La Espada que Quema el Cielo era una técnica de la Montaña Li, una espada secreta creada por el propio Su Li. En cuanto a su sutileza, incluso superaba a la Espada Secreta del Cuervo Dorado.
Chen Changsheng estaba usando la Espada que Quema el Cielo. Conocía esta técnica; la había usado en el Gran Examen de la Corte, pero en aquel entonces usó su puño como espada. Esta era la primera vez que realmente usaba este golpe de espada.
La espada de Chen Changsheng se levantó hacia arriba de una manera difícil de comprender, dibujando una línea aparentemente natural en la brillante armadura de Xue He. ¡La dura armadura se rompió y astilló sin cesar, salpicando fragmentos!
Era como un campo incendiado por un rayo, escupiendo llamas hacia el cielo.

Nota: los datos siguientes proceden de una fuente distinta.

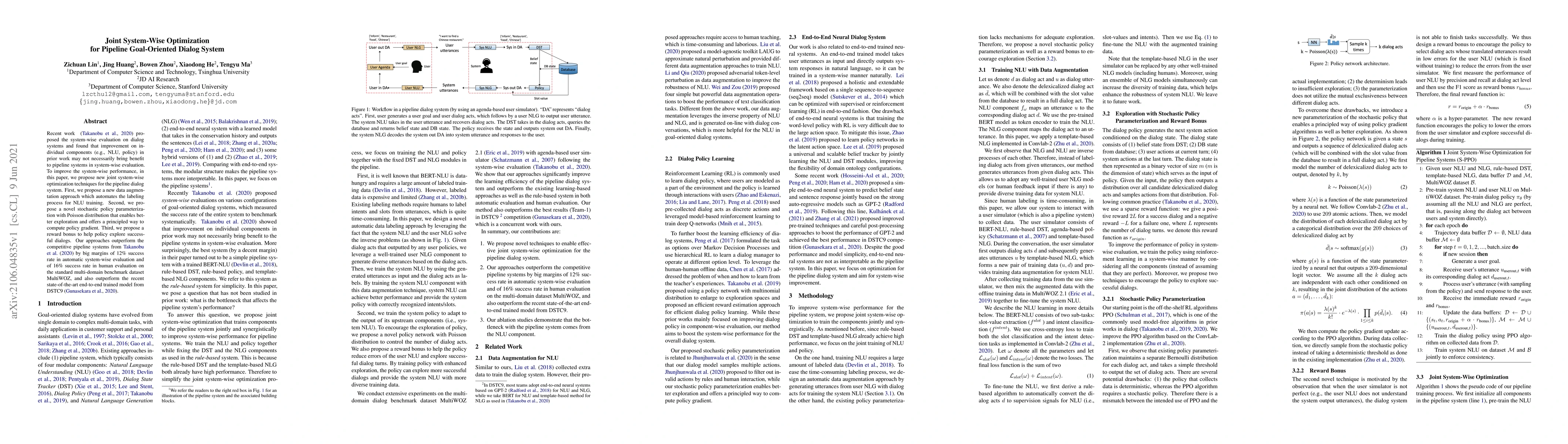 Researchers propose new joint system-wise optimization techniques for pipeline dialog systems, outperforming competitive models by 12% in automatic evaluation and 16% in human evaluation.
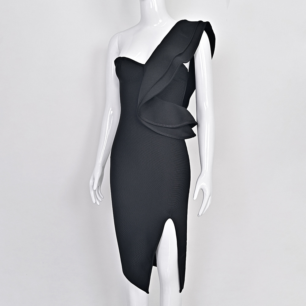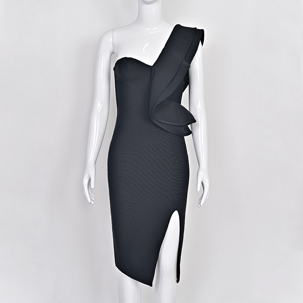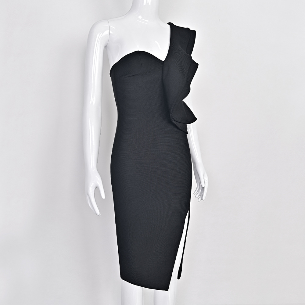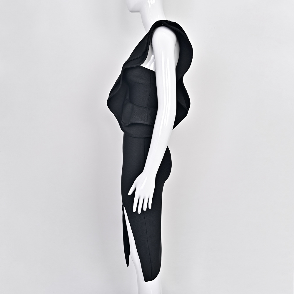Style: One-shoulder, high waist, mid-length skirt with slit
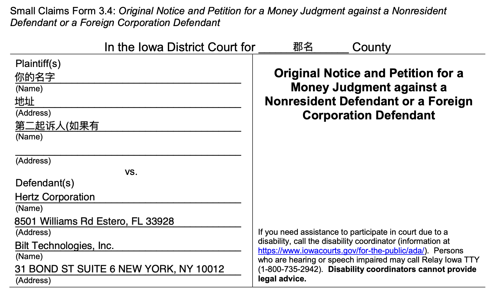 在Iowa起诉, 首先需要确定正确的Court Form (aka Original Notice) 这里面最大的区别在于被告如果是外州的话要填写的表格是不一样的. 以Iowa为例, 本州的Money Judgement填写3.1, 外州被告的话填写3.4, 如果是房产有关的需填写其他. 选form之前看好要求Court Forms | Iowa Judicial Branch
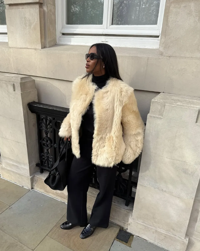 Áo khoác màu kem + Áo cổ lọ + Quần jeans + Giày bốt cổ thấp mũi nhọn. Ảnh: @nnennaechem
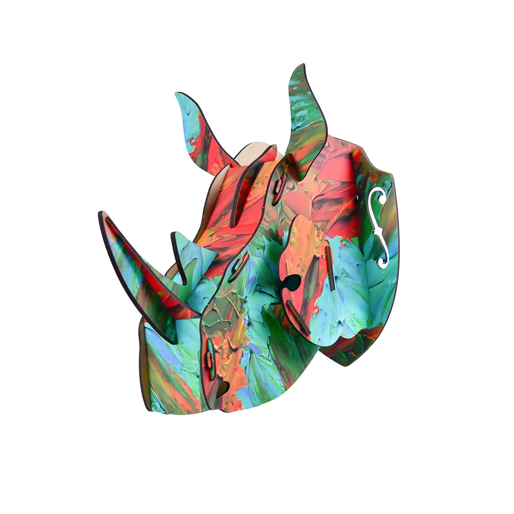 BEST Rhinoceros wall pendant wooden crafts pendant decoration Christmas decorations
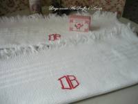 bordure de drap linge ancien lin brodé pour la couture lettres MR

¡Ssssh! Un sonido clarísimo resonó.
Un chorro de sangre brotó. El brazo izquierdo de Xue He fue cortado y voló hacia el cielo.
Casi al mismo tiempo, la cuchilla de Xue He cayó sobre el cuello de Chen Changsheng.
Un estruendo como un trueno explotó. Las llamas en el campo se extinguieron por completo.
Las rodillas de Chen Changsheng cayeron pesadamente en el suelo frente al carro. La tierra tembló y una gran nube de polvo se levantó.
La Espada de la Montaña y el Mar y las otras cinco espadas restantes cayeron del cielo en ese momento, con un sonido metálico, a su lado.